***** Dataset
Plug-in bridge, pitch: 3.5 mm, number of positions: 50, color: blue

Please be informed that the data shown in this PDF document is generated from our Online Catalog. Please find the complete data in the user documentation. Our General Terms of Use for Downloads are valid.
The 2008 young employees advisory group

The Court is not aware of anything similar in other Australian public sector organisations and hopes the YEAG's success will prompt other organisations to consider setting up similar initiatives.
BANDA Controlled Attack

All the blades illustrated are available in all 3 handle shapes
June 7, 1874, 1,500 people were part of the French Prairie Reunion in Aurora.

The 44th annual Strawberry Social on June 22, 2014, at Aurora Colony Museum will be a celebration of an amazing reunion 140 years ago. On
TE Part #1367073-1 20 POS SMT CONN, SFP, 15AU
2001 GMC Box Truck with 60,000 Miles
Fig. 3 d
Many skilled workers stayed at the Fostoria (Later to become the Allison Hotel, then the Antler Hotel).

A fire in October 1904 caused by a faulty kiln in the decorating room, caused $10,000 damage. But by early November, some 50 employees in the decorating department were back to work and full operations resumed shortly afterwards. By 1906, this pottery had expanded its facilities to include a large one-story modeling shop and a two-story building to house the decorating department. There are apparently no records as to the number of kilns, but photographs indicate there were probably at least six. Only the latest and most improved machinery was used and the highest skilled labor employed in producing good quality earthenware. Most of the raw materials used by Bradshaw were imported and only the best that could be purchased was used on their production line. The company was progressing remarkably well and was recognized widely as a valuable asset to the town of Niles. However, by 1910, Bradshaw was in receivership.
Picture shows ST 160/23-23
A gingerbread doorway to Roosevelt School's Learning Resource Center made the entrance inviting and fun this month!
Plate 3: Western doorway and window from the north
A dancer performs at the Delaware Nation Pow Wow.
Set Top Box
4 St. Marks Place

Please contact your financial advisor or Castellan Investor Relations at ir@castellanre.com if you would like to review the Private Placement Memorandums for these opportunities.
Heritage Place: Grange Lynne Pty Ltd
**********
_Your instructions:_
Restate each of the records exactly, leaving nothing out.

_Written response:_
Plug-in bridge, pitch: 3.5 mm, number of positions: 50, color: blue

Please be informed that the data shown in this PDF document is generated from our Online Catalog. Please find the complete data in the user documentation. Our General Terms of Use for Downloads are valid.
The 2008 young employees advisory group

The Court is not aware of anything similar in other Australian public sector organisations and hopes the YEAG's success will prompt other organisations to consider setting up similar initiatives.
BANDA Controlled Attack

All the blades illustrated are available in all 3 handle shapes
June 7, 1874, 1,500 people were part of the French Prairie Reunion in Aurora.

The 44th annual Strawberry Social on June 22, 2014, at Aurora Colony Museum will be a celebration of an amazing reunion 140 years ago. On
TE Part #1367073-1 20 POS SMT CONN, SFP, 15AU
2001 GMC Box Truck with 60,000 Miles
Fig. 3 d
Many skilled workers stayed at the Fostoria (Later to become the Allison Hotel, then the Antler Hotel).

A fire in October 1904 caused by a faulty kiln in the decorating room, caused $10,000 damage. But by early November, some 50 employees in the decorating department were back to work and full operations resumed shortly afterwards. By 1906, this pottery had expanded its facilities to include a large one-story modeling shop and a two-story building to house the decorating department. There are apparently no records as to the number of kilns, but photographs indicate there were probably at least six. Only the latest and most improved machinery was used and the highest skilled labor employed in producing good quality earthenware. Most of the raw materials used by Bradshaw were imported and only the best that could be purchased was used on their production line. The company was progressing remarkably well and was recognized widely as a valuable asset to the town of Niles. However, by 1910, Bradshaw was in receivership.
Picture shows ST 160/23-23
A gingerbread doorway to Roosevelt School's Learning Resource Center made the entrance inviting and fun this month!
Plate 3: Western doorway and window from the north
A dancer performs at the Delaware Nation Pow Wow.
Set Top Box
4 St. Marks Place

Please contact your financial advisor or Castellan Investor Relations at ir@castellanre.com if you would like to review the Private Placement Memorandums for these opportunities.
Heritage Place: Grange Lynne Pty Ltd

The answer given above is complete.